◆ Entries taken from a collection:
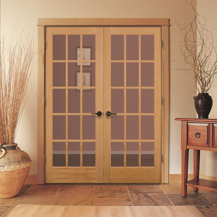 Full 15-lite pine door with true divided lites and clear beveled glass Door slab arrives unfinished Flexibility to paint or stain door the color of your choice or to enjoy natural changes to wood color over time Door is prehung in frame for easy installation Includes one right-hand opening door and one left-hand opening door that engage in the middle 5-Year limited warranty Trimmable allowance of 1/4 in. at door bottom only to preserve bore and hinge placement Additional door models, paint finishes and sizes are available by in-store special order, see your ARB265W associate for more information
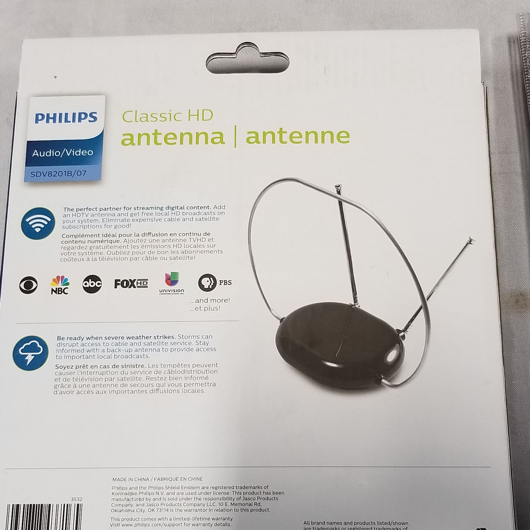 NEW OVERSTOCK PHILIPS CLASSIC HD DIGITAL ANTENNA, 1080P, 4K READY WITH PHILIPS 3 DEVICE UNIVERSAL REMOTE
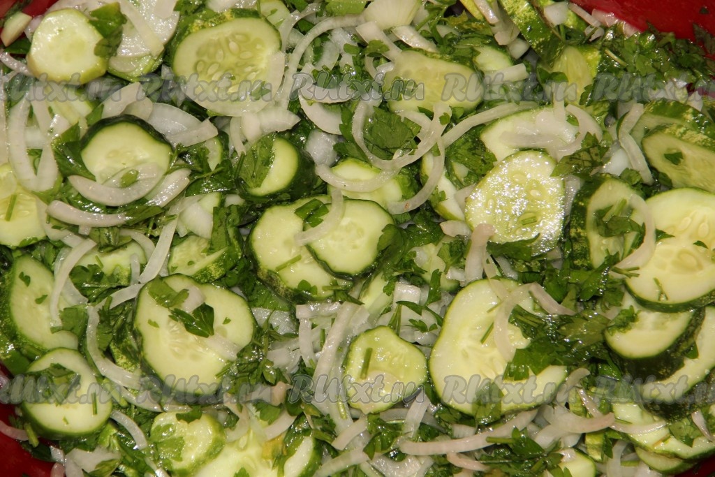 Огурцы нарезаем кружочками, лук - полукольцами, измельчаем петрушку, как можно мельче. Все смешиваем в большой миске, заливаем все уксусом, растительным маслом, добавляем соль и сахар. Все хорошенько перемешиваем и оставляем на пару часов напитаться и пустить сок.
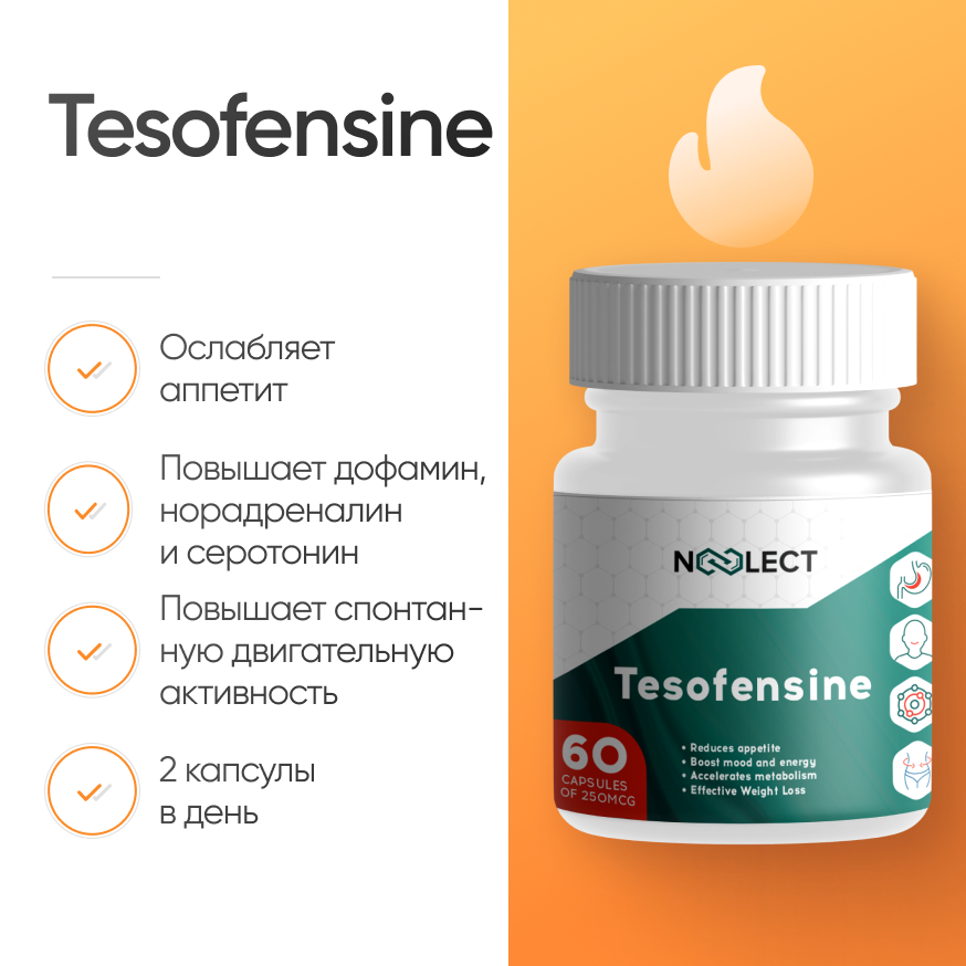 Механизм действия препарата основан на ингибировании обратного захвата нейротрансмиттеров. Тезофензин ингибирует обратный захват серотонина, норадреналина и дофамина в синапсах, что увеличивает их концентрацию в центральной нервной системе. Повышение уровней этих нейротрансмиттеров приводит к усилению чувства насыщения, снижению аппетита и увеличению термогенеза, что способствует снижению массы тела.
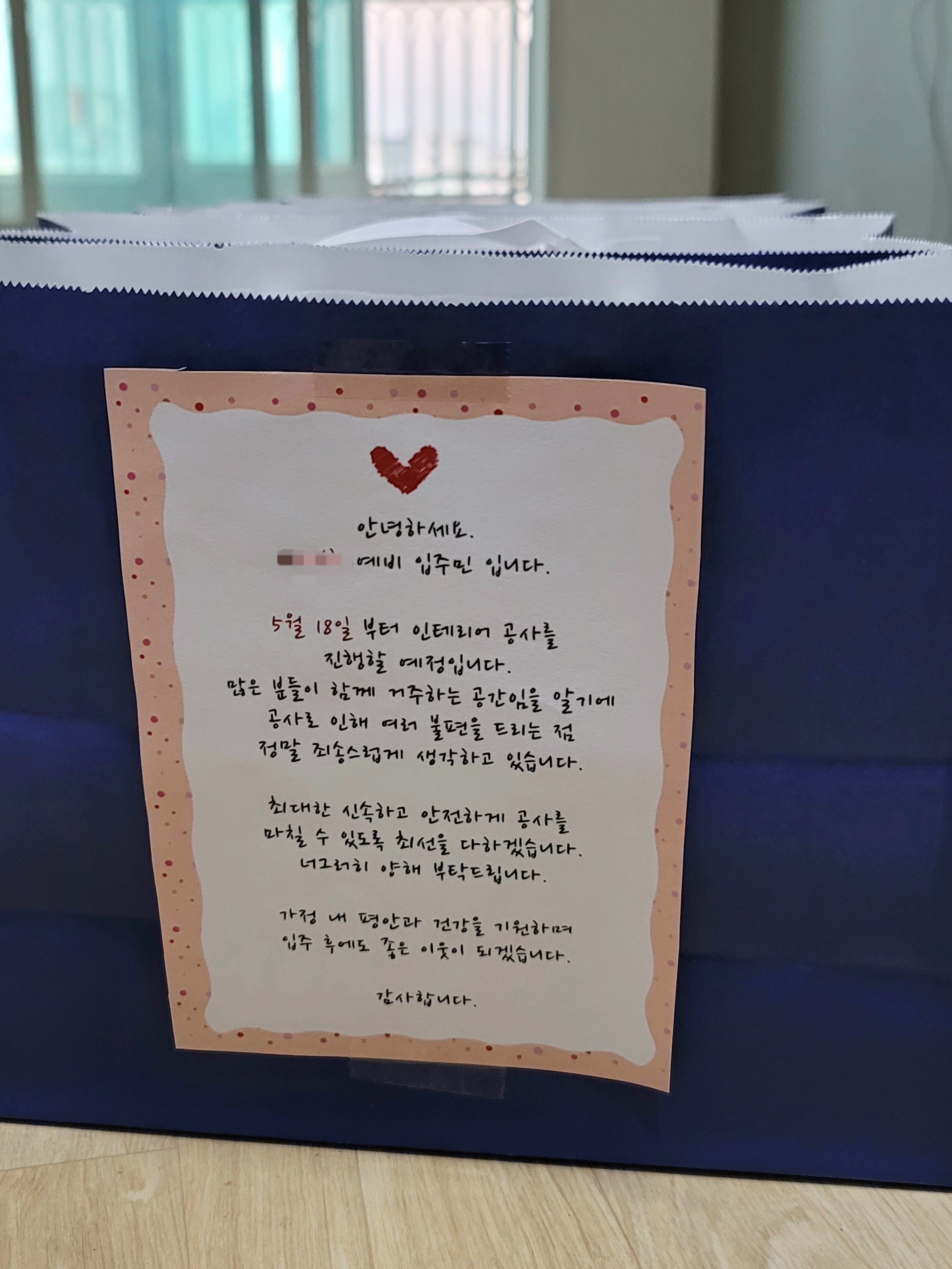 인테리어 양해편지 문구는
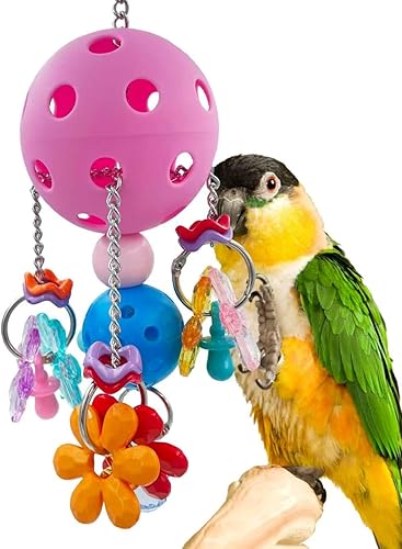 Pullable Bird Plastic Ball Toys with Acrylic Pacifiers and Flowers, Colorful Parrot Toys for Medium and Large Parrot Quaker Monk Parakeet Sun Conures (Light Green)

◆ Task instructions:
Can the lines from the start of the records through the line with "Огурцы нарезаем кружочками, лук" be given again exactly, with the pictures left out?

◆ Result of this exercise:
 Full 15-lite pine door with true divided lites and clear beveled glass Door slab arrives unfinished Flexibility to paint or stain door the color of your choice or to enjoy natural changes to wood color over time Door is prehung in frame for easy installation Includes one right-hand opening door and one left-hand opening door that engage in the middle 5-Year limited warranty Trimmable allowance of 1/4 in. at door bottom only to preserve bore and hinge placement Additional door models, paint finishes and sizes are available by in-store special order, see your ARB265W associate for more information
 NEW OVERSTOCK PHILIPS CLASSIC HD DIGITAL ANTENNA, 1080P, 4K READY WITH PHILIPS 3 DEVICE UNIVERSAL REMOTE
 Огурцы нарезаем кружочками, лук - полукольцами, измельчаем петрушку, как можно мельче. Все смешиваем в большой миске, заливаем все уксусом, растительным маслом, добавляем соль и сахар. Все хорошенько перемешиваем и оставляем на пару часов напитаться и пустить сок.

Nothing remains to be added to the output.